WHAT THE EXERCISE ASKS :: Would you please return the data below verbatim, without its pictures?

AVAILABLE DATA ::
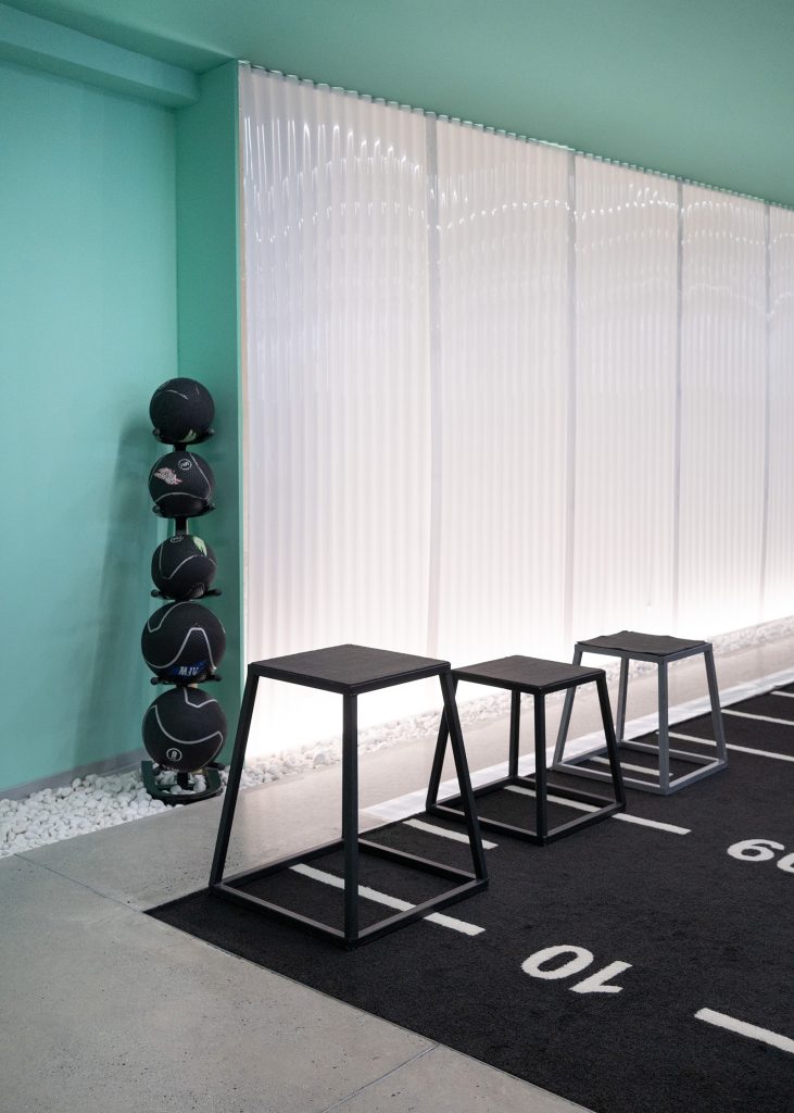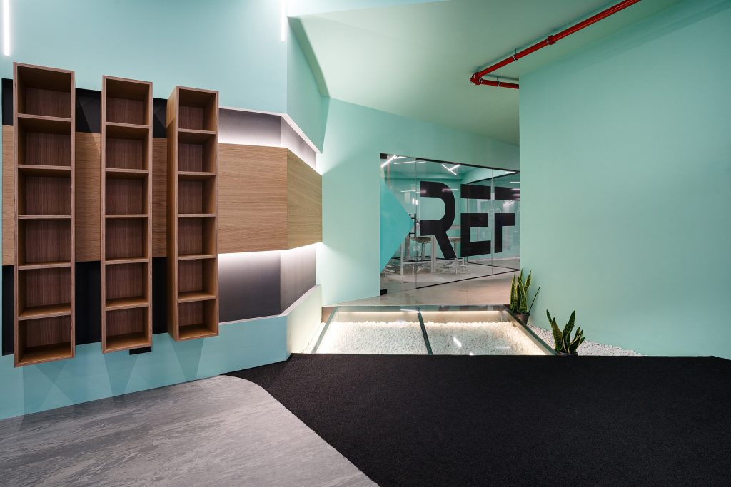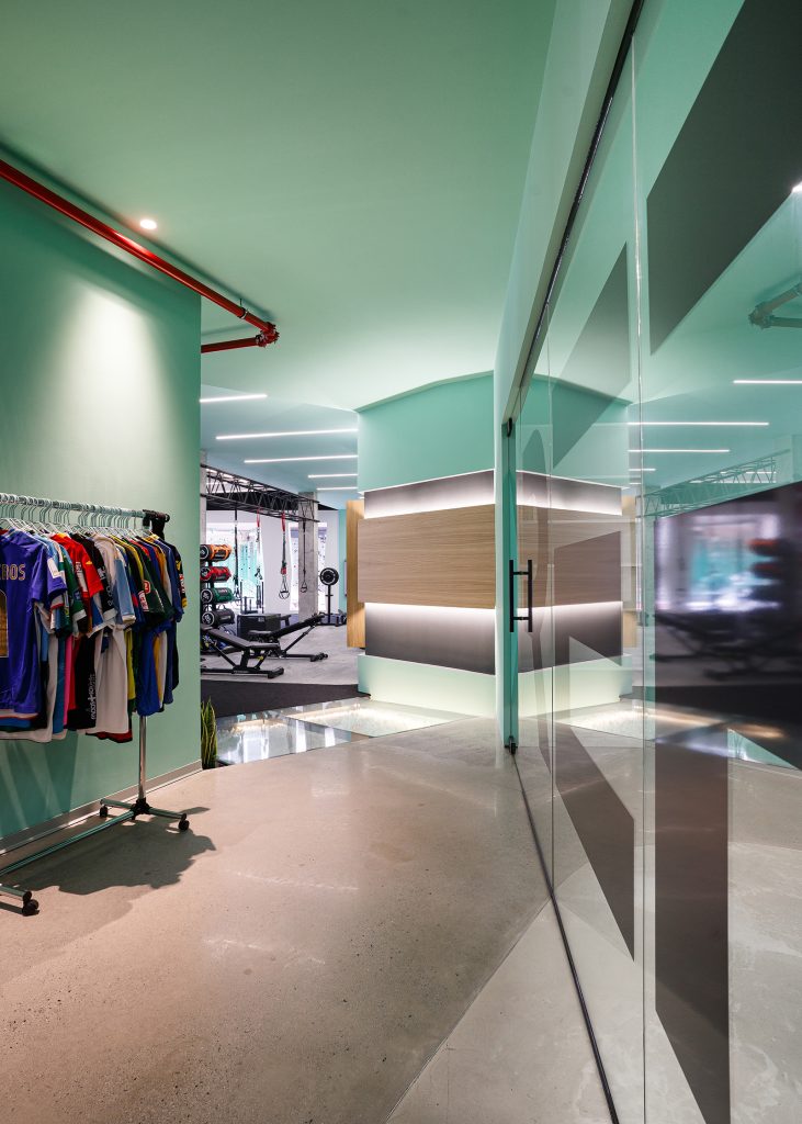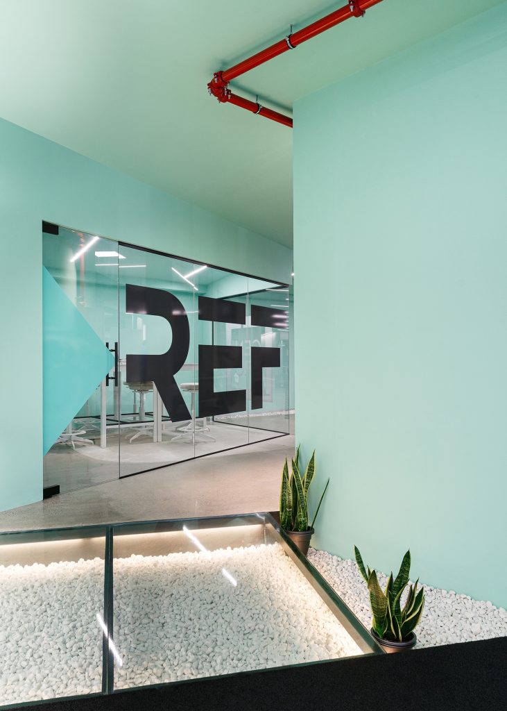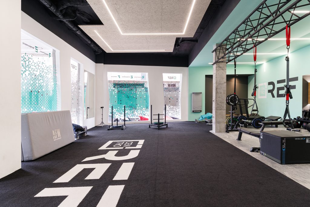 El proyecto a realizar se enmarca en una actuación para la ampliación del Centro Deportivo REF. Las líneas maestras de la intervención transcurren paralelas a las ya fijadas en el proyecto primario, añadiendo un nuevo espacio al existente, donde se mantiene la continuidad identitaria para alterar lo menos posible la idea principal del lugar. Esta identidad se refuerza en la nueva zona, al ser un espacio diáfano que permite apreciar la conexión entre los dos sectores, remarcada por una pasarela de vidrio retroiluminada que señala dónde termina lo existente y comienza lo nuevo. La pasarela surge como un elemento disruptor, pero a la vez funciona como un puente que conecta ambos espacios, integrándolos en un todo.
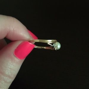 No faux stuff here. Genuine Pearl set in 10K gold. Ring size is probably a 6. Never got it sized down so didn't wear it. Smoke free and pet free home.
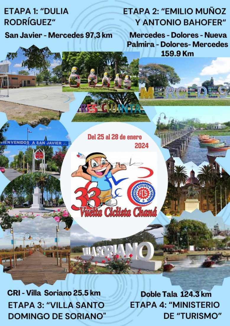 Una nueva edición de la clásica Vuelta Chaná se corre desde este jueves, integrando el departamento de Río Negro con el de Soriano.El jueves, con largada desde San Javier, se corre la 1° etapa, hasta el rosedal de Mercedes, en un total de 97.300 km.; que lleva como nombre a la destacada jueza fraybentina Dulia...
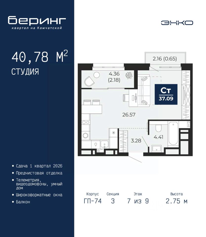 Однокомнатная квартира-студия от застройщика с предчистовой отделкой в ЖК "Беринг" на 7 этаже. Общая площадь: 40.78 кв.м., площадь гостиной 26.57 кв.м., из которых 10 кв.м. выделено под кухонную зону. Все окна выходят на одну сторону. В квартире один балкон, один совмещенный санузел. Высота потолков 2.75 м.
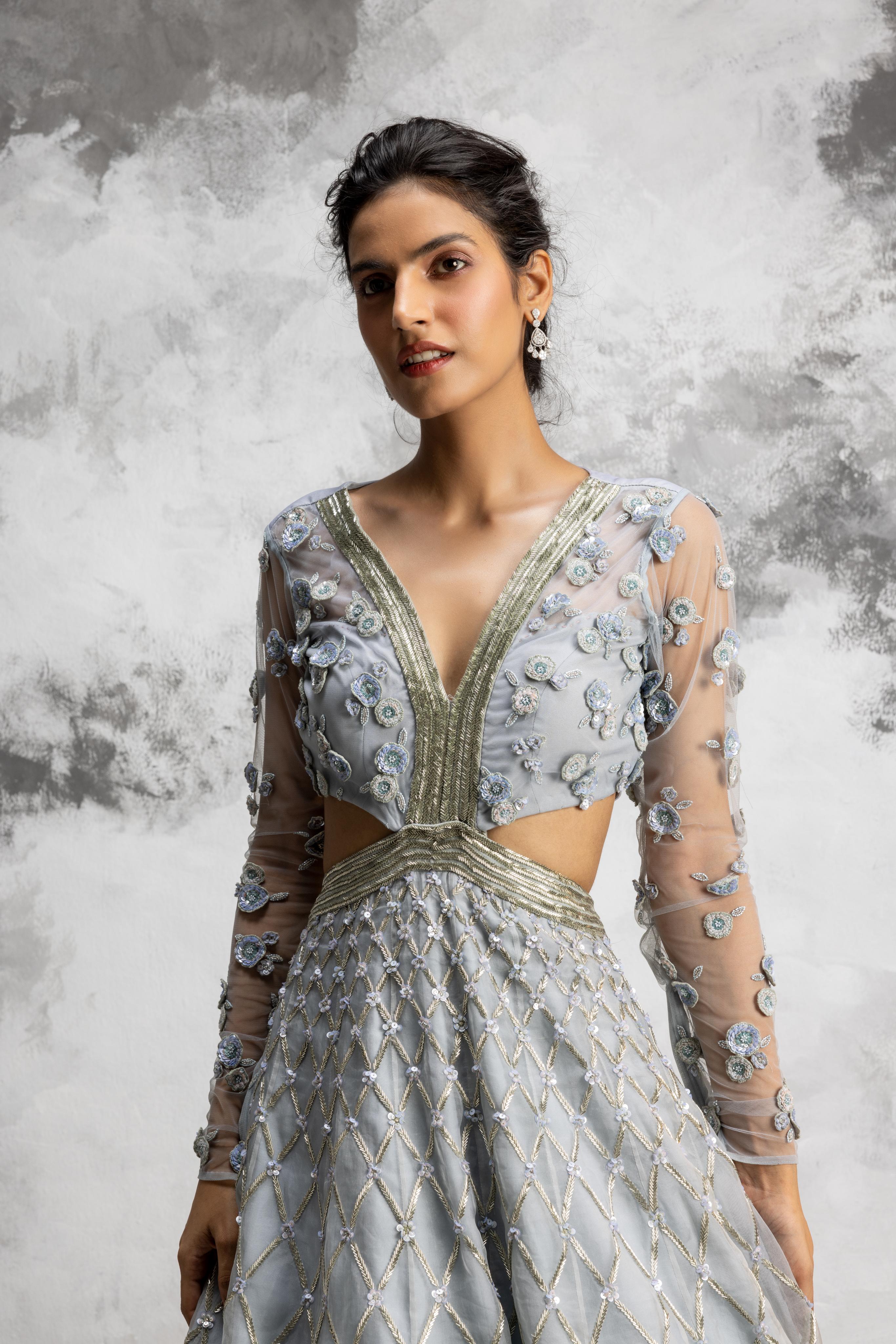 This exquisite ensemble features a powder blue 3D flower cut-out blouse, offering a contemporary twist on traditional design. The blouse is paired with a diamond pattern embroidered lehenga, adding depth and elegance. The lehenga is finished with gathered frill edging, creating a flowing, dramatic effect. Perfect for weddings or special occasions, this outfit seamlessly blends modern artistry with timeless beauty.
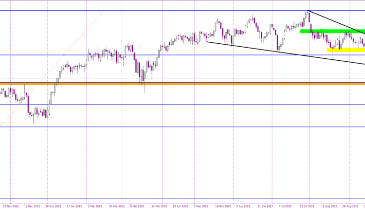 Yesterday's trading session provided a glimpse into the potential of this support. The bears, in a bid to push the index further south, were thwarted in their endeavors, leading to a bounce off this crucial level. The end result? A doji candle, one that traditionally signals indecision but offers a glimmer of hope for those bullish on DAX. But to truly understand the current scenario, one must zoom out and analyze the broader landscape. Until recently, the downward movement was comfortably nestled within a wedge pattern, demarcated by black lines. However, the past week witnessed a breach, with prices slicing through the lower boundary of this pattern. This shift is a glaring testament to the mounting bearish pressure, and it's clear that the bulls are in a tight spot.

ANSWER SECTION ::
 El proyecto a realizar se enmarca en una actuación para la ampliación del Centro Deportivo REF. Las líneas maestras de la intervención transcurren paralelas a las ya fijadas en el proyecto primario, añadiendo un nuevo espacio al existente, donde se mantiene la continuidad identitaria para alterar lo menos posible la idea principal del lugar. Esta identidad se refuerza en la nueva zona, al ser un espacio diáfano que permite apreciar la conexión entre los dos sectores, remarcada por una pasarela de vidrio retroiluminada que señala dónde termina lo existente y comienza lo nuevo. La pasarela surge como un elemento disruptor, pero a la vez funciona como un puente que conecta ambos espacios, integrándolos en un todo.
 No faux stuff here. Genuine Pearl set in 10K gold. Ring size is probably a 6. Never got it sized down so didn't wear it. Smoke free and pet free home.
 Una nueva edición de la clásica Vuelta Chaná se corre desde este jueves, integrando el departamento de Río Negro con el de Soriano.El jueves, con largada desde San Javier, se corre la 1° etapa, hasta el rosedal de Mercedes, en un total de 97.300 km.; que lleva como nombre a la destacada jueza fraybentina Dulia...
 Однокомнатная квартира-студия от застройщика с предчистовой отделкой в ЖК "Беринг" на 7 этаже. Общая площадь: 40.78 кв.м., площадь гостиной 26.57 кв.м., из которых 10 кв.м. выделено под кухонную зону. Все окна выходят на одну сторону. В квартире один балкон, один совмещенный санузел. Высота потолков 2.75 м.
 This exquisite ensemble features a powder blue 3D flower cut-out blouse, offering a contemporary twist on traditional design. The blouse is paired with a diamond pattern embroidered lehenga, adding depth and elegance. The lehenga is finished with gathered frill edging, creating a flowing, dramatic effect. Perfect for weddings or special occasions, this outfit seamlessly blends modern artistry with timeless beauty.
 Yesterday's trading session provided a glimpse into the potential of this support. The bears, in a bid to push the index further south, were thwarted in their endeavors, leading to a bounce off this crucial level. The end result? A doji candle, one that traditionally signals indecision but offers a glimmer of hope for those bullish on DAX. But to truly understand the current scenario, one must zoom out and analyze the broader landscape. Until recently, the downward movement was comfortably nestled within a wedge pattern, demarcated by black lines. However, the past week witnessed a breach, with prices slicing through the lower boundary of this pattern. This shift is a glaring testament to the mounting bearish pressure, and it's clear that the bulls are in a tight spot.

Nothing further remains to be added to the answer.